* **Activity**
Write out a word-for-word repetition of the lines that come before the line containing "Nagy fejátmérőjű, önfúró" in the listing below, along with that line itself, omitting pictures.

* **The records**
──────────

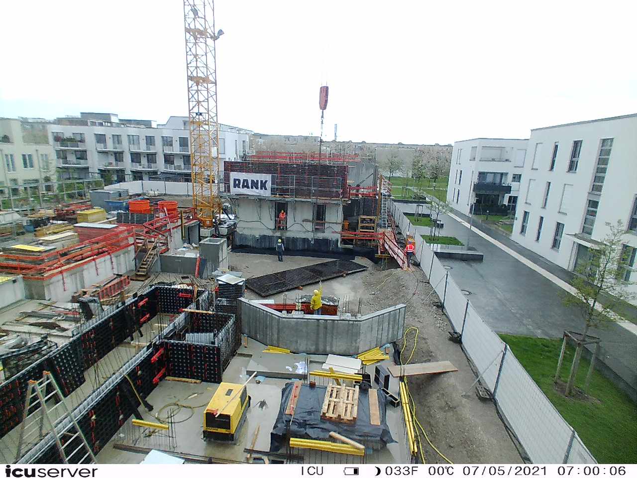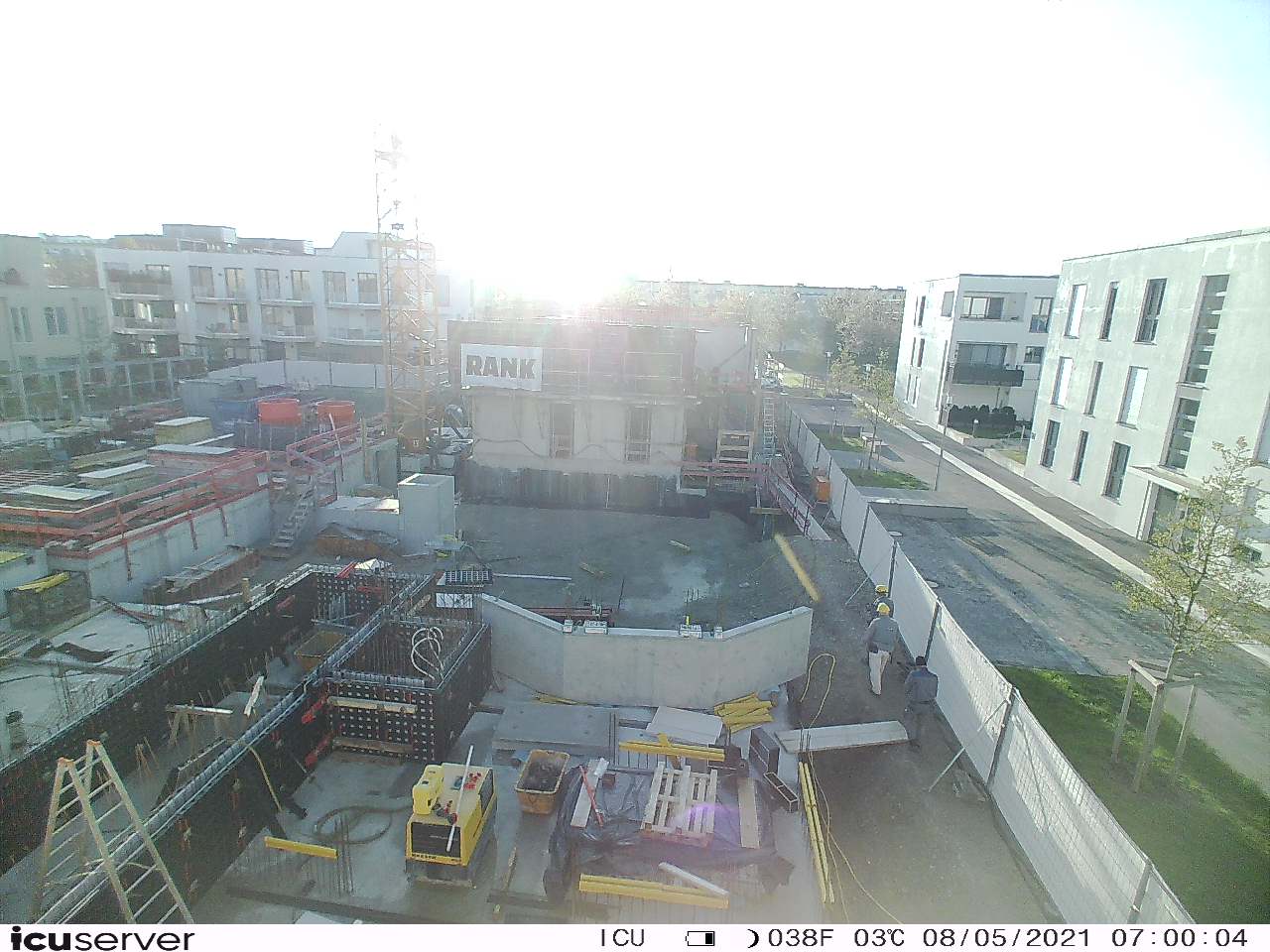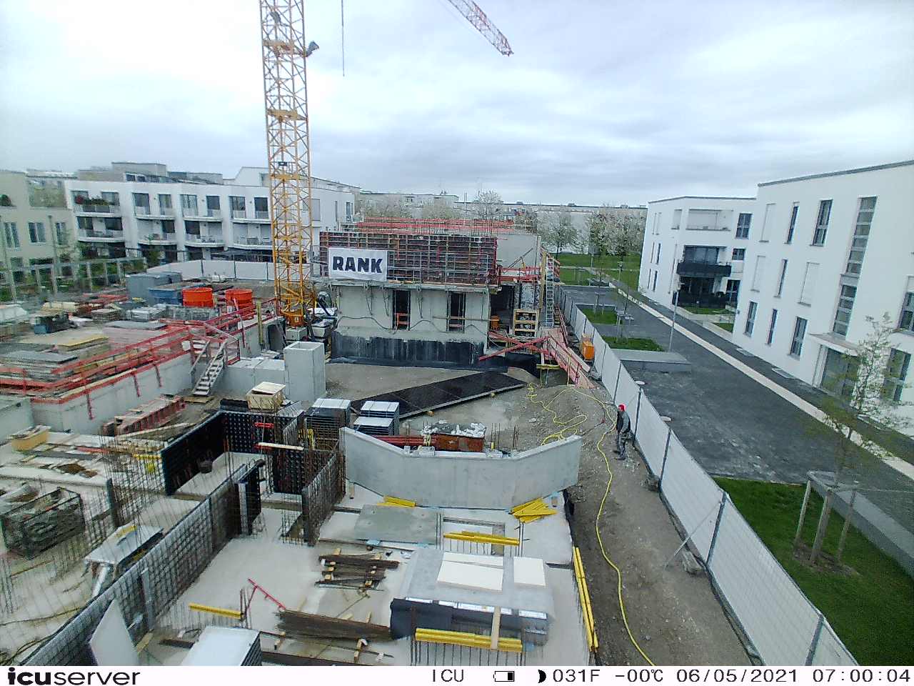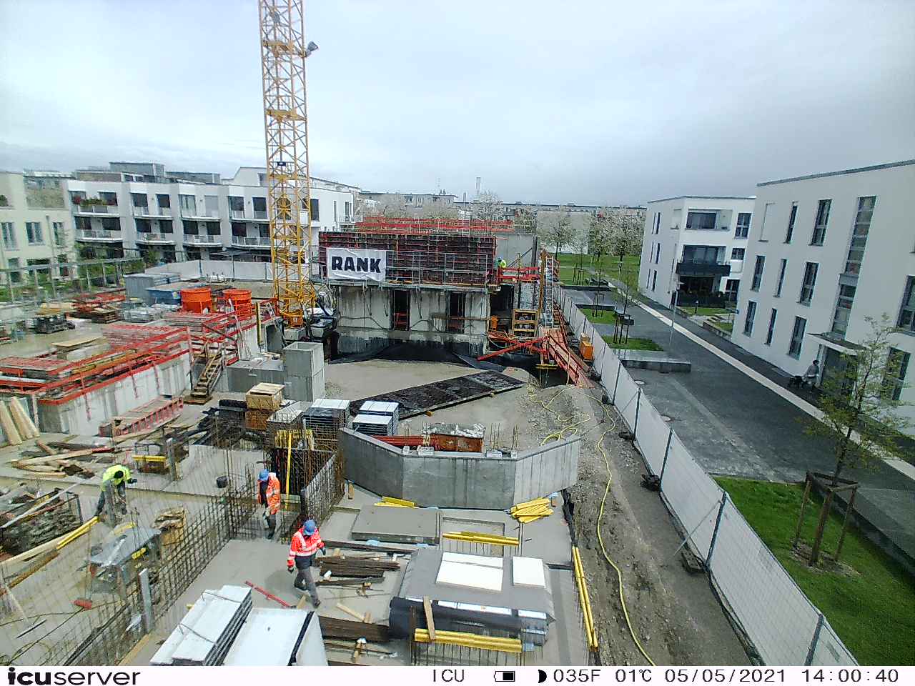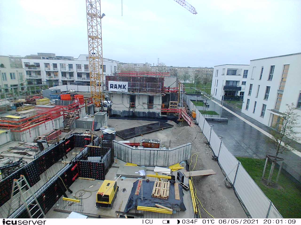 Die Kamera steht am westlichen Ende der Baustelle. Sie blickt nach Osten. Bilder: 26. Februar - 13. August 2021.
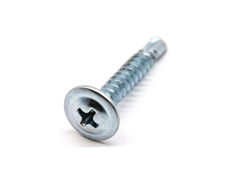 Nagy fejátmérőjű, önfúró lemezcsavar, amelyet burkolólemezek, polikarbonát, bitumenlemez és hasonló vékonyabb fedőanyagok rögzítésére terveztek. A tányérszerű fej megakadályozza a lemez átszakadását és a csavar besüllyedését — különösen fontos kültéri, terhelésnek kitett felületeken.
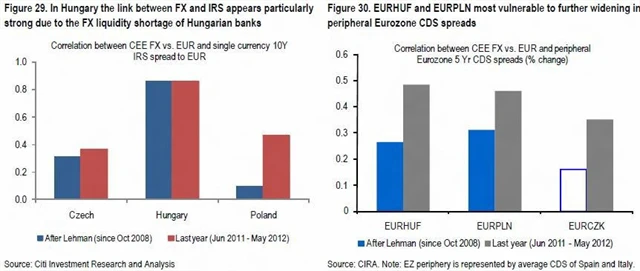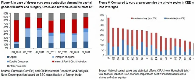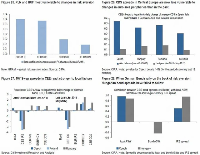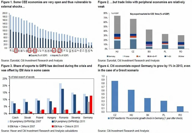 Přímé ekonomické a obchodní vazby mezi střední Evropou a periferií eurozóny jsou slabé, snad s výjimkou Bulharska a Rumunska. Růst regionu je mnohem více závislý na výkonu Německa než Řecka nebo jiných krizí zasažených ekonomik. Hlavní kanály potenciální nákazy pro střední a východní Evropu tedy pramení buď z bankovního systému, nebo z odlivu portfoliových investic.
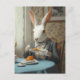 A realistic anthropomorphic white rabbit dressed in vintage attire enjoys a refined tea time in a Victorian-style setting. The scene exudes sophistication with detailed textures and warm, nostalgic lighting.
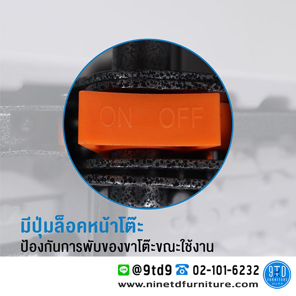 โครงสร้างและขาโต๊ะ : ผลิตจากเหล็กกล้า พ่นกันสนิม และทำสีด้วยระบบ Powder Coated
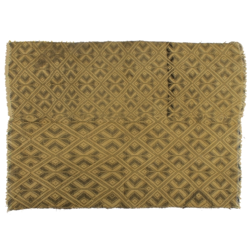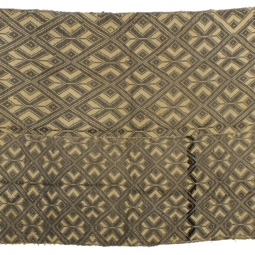 From the mountains of Northern Vietnam, resides the Muong ethnicity. Their signature handwoven blanket, used by the people for warmth during the rainy season of Vietnam. Where temperatures can get well below freezing. With a stunning central woven panel of natural indigo, black, and gray dyes consisting of two bands roughly 12″ each. Many blankets in their full form will have a boarder around the central panel to increase its size. Sometimes the boarder may be removed before selling, or replaced with a newer boarder when the previous gets old. The approximate age is over 40 years, which is sometimes quite evident by patches of fading color or repairs of different colored threads. This blanket measures 50″ x 34″

──────────

* **Answer to this exercise**
 Die Kamera steht am westlichen Ende der Baustelle. Sie blickt nach Osten. Bilder: 26. Februar - 13. August 2021.
 Nagy fejátmérőjű, önfúró lemezcsavar, amelyet burkolólemezek, polikarbonát, bitumenlemez és hasonló vékonyabb fedőanyagok rögzítésére terveztek. A tányérszerű fej megakadályozza a lemez átszakadását és a csavar besüllyedését — különösen fontos kültéri, terhelésnek kitett felületeken.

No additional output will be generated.